Let us begin with a small example: we want to find a longest common subsequence between GAC and AGCAT:

x = collect("GAC");
y = collect("AGCAT");

Let's build the $L$ array. For the sake of the example, we'll initially fill it with $(-1)$ in order to indicate which values haven't been computed yet. The init_buffer(x,y) function simply initiaizes a buffer matrix L of the appropriate size, while init_length!(L) takes a matrix and fills its first row and first column with zeros. We also define a display helper function, which shows a pretty representation of the $L$ array.

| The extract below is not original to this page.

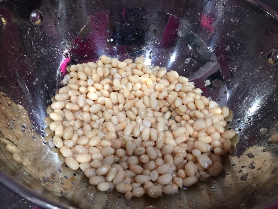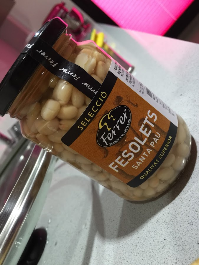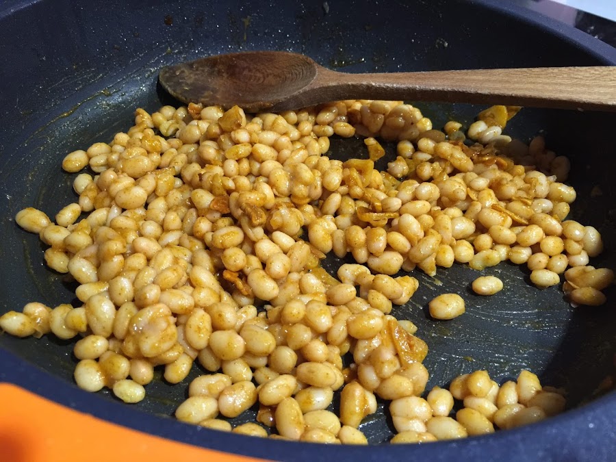 5. Escurrimos y lavamos las judías blancas. Las rehogamos en el sofrito de ajo y pimentón.

init_buffer(x, y) = Matrix{Int}(undef, 1 + length(x), 1 + length(y))

function init_lengths!(L)
    L[:, 1] .= 0
    return L[1, :] .= 0
end

using PrettyTables
function display(L, x, y)
    return pretty_table(
        hcat(['∅', x...], L);
        header = [' ', '∅', y...],
        formatters = (v, i, j) -> v == -1 ? "" : v,
    )
end

L = fill!(init_buffer(x, y), -1)
init_lengths!(L)
display(L, x, y)

┌───┬───┬───┬───┬───┬───┬───┐
│   │ ∅ │ A │ G │ C │ A │ T │
├───┼───┼───┼───┼───┼───┼───┤
│ ∅ │ 0 │ 0 │ 0 │ 0 │ 0 │ 0 │
│ G │ 0 │   │   │   │   │   │
│ A │ 0 │   │   │   │   │   │
│ C │ 0 │   │   │   │   │   │
└───┴───┴───┴───┴───┴───┴───┘

The fill_lengths! function then allows filling other rows. By default it will fill the entire array, but for the sake of the example we restrict it here to a subset of the rows and/or the columns.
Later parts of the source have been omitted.